In one respect, there has been a departure from the old ways: embalming is on the rise. It is always done if the body is to be sent abroad, or transported any distance within the U.K. It is also usually done if the family is coming to the Chapel of Rest to see the body—unless the family specifically objects. Unlike the mortuaries in the USA—where mortuaries routinely refuse to permit viewing unless the body has been embalmed—families here often view unembalmed bodies. In about 70 percent of cases the family (they often bring children) does ask to see the body, and this is encouraged.

However “viewing”—as the U.S. funeral directors call it—is generally limited to the close family members and is in no way comparable to the American custom of a general spectacle for the neighbors, coworkers, and mere acquaintances.

What about American caskets? They are never used in this way, although Mr. Jepson has heard of them in London. Floral tributes? Less of those—more donations to worthy charities. The coffin, closed, is usually at the front of the church.

A friend described the funeral of a retired farm foreman who bred his own Shire horses. “The tiny church was packed,” she said. “It couldn’t hold half the people who came, so there was a crowd in the churchyard. It was snowing, and bitterly cold. His family had arranged for a dray drawn by a Shire, all got up super-smart, to carry the coffin to the church. There is a steepish hill and I heard a sound which took me back sixty years—the scrape of the brake on the wheel of the dray. The farm men lined up outside the church and made an arch of pitchforks when the coffin was carried out. Talk about moving to tears—a village funeral is a killer, far worse than a big London affair.” It would seem that the Derbyshire countryside is for the moment quite safe from incursions of the American way.

At the other end of England, country funerals are conducted in much the same manner. A friend visited Philip Wakely and his brother Simon, of A. J. Wakely and Sons in Bridport, Dorset. They have two other funeral parlors under the same family name in Beaminister and Lyme Regis, all within a twenty-mile radius. The firm was established in 1897, and holds strongly to long-standing custom.

While they no longer make coffins on the premises, these are all in the traditional coffin shape. Thus far, nobody has asked for an American casket, said Mr.

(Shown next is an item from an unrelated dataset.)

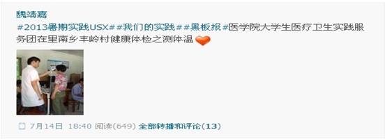 “把一件简单的事做好就是不简单,把一件平凡的事做好就是不平凡。”真情暖人心,感谢里南乡为我们的进步搭建了这个平台,让我们感受到不同地方的风土人情,感受这份不易与骄傲,给予我们进步的空间,为之规划轨迹。让我们更为深刻的知晓,作为医学生的我们,更是应该本着崇高的道德理想,服务他人,奉献他人,关爱他人,帮助他人,发扬医卫人员重情重义、大爱博爱的可贵品质,从小事做起,积极奉献,将雷锋精神与时代充分地结合起来,将志愿服务、实践服务推向一个新的高度!勿以恶小而为之,勿以善小而不为。只要是善事,哪怕再小,都值得歌颂。一个微笑,虽然短暂,却能感化冷漠;一句对不起,虽然简短,却能化解冲突;一声谢谢,虽然普通,却能显现温暖;一支笔,虽然细小,却能记录生活;一滴血,虽然渺小,却能拯救生命。不积跬步,无以致千里,不积小流,无以成江海。当无数人的鲜血汇聚一起时,便是爱心的海洋。一个人做一辈子善事太难太难了,但是做一件善事却是非常容易的。曾几何时,你发现你有能力帮助别人,但你的内心却还在挣扎,举棋不定时,那么请你抬着看看天空,就会明白:同一个世界,同一片蓝天,生活需要爱心,价值在于奉献。

Wakely, “but if people wanted them, we’d have to supply them.” As in Derbyshire, “people are tending to ask for charitable contributions, and only the family brings flowers from their own gardens,” he said.

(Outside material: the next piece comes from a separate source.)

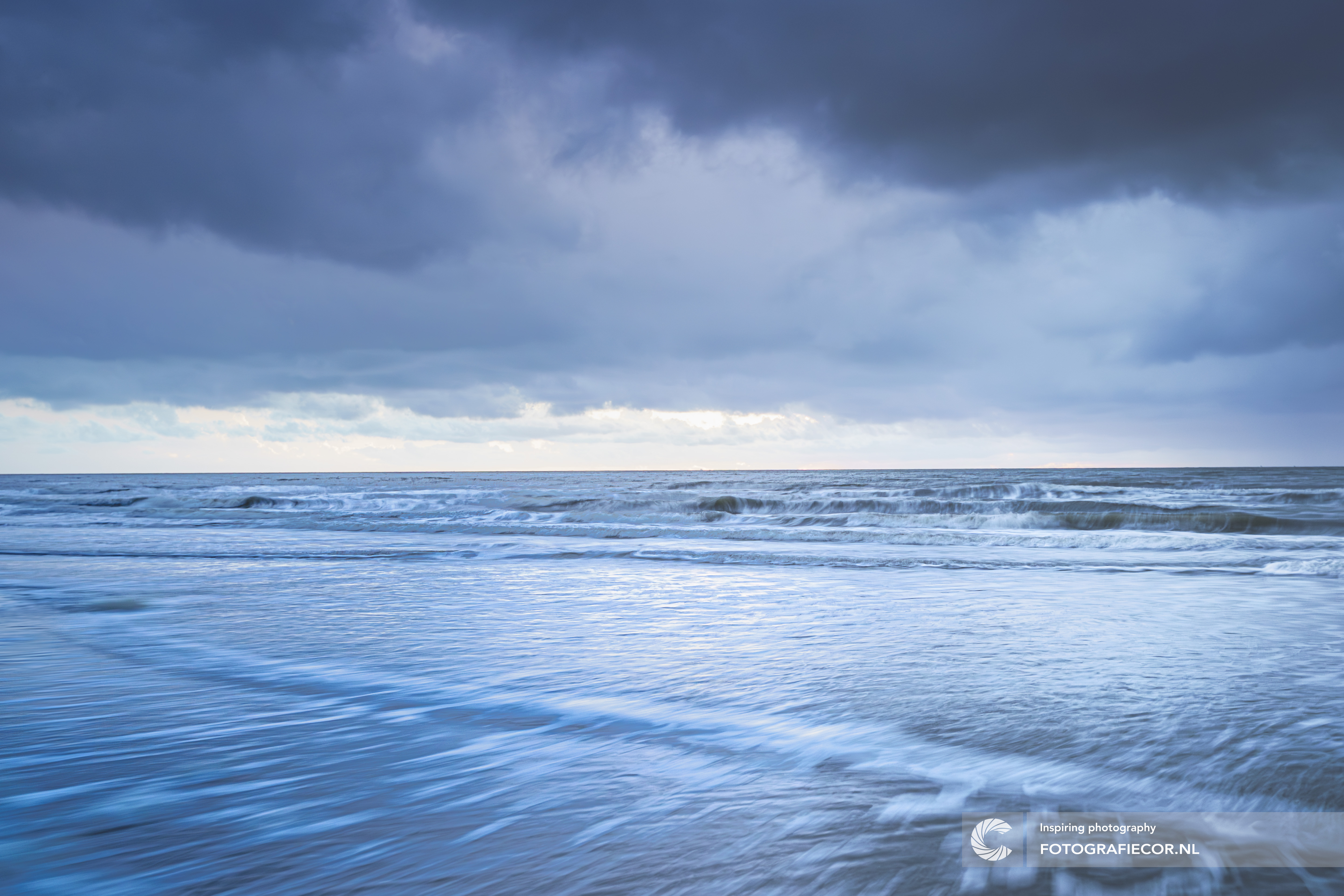De dynamiek van de Nederlandse kust op het waddeneiland Texel. Donkere wolken die overdrijven en golven die beuken op het strand terijl je eindeloos ver weg kan kijken tot aan het einde van de horizon.

Prices range from $1,040 for an oak-veneered coffin with engraved nameplate, removal of the deceased within a twenty-mile radius, hire of a hearse, pallbearers and funeral director’s arrangement fee to the “Dorset Burial Funeral,” which comes with an oakdene-paneled coffin, for $1,952.

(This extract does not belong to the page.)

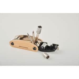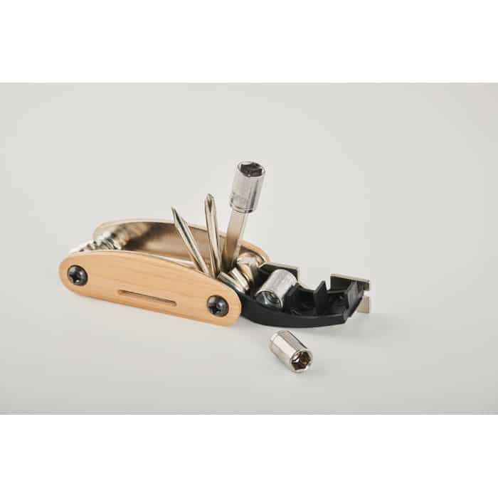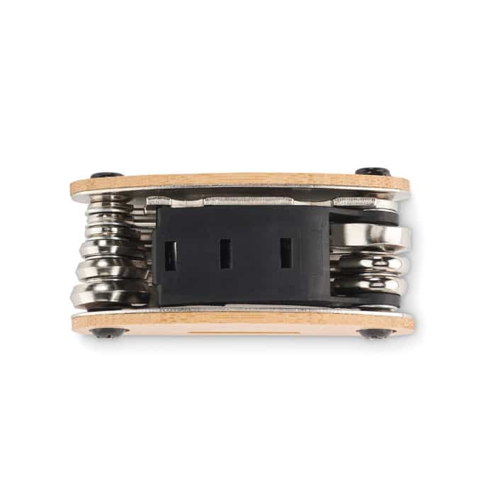 Stainless steel multi-function pocket tool with bamboo cover. 11 functions. It includes: hex keys, flat wrench , sleeve extension, Phillips screwdriver and socket spanner.

There is no extra charge for embalming, which would come under funeral director’s costs and is carried out according to the wishes of the family. “Many families in Dorset still like to view the deceased in their own homes,” Mr. Wakely said, “and this is the only time we recommend embalming; but some families do not want embalming even when the body will be in their home for as long as a week. Others prefer to use Wakely’s Chapel of Rest for the purpose; again embalming is optional.” The Wakelys estimate that fewer than 25 percent of their clients opt for embalming.

So far, SCI’s entry into the British funeral industry, as in the case of Mettam’s, poses little threat to the Wakelys. Philip Wakely said that although the new American presence is “kind of scary,” it “has only affected us from a distress point of view,” as people read about SCI in the papers and assume that all funeral directors operate like them.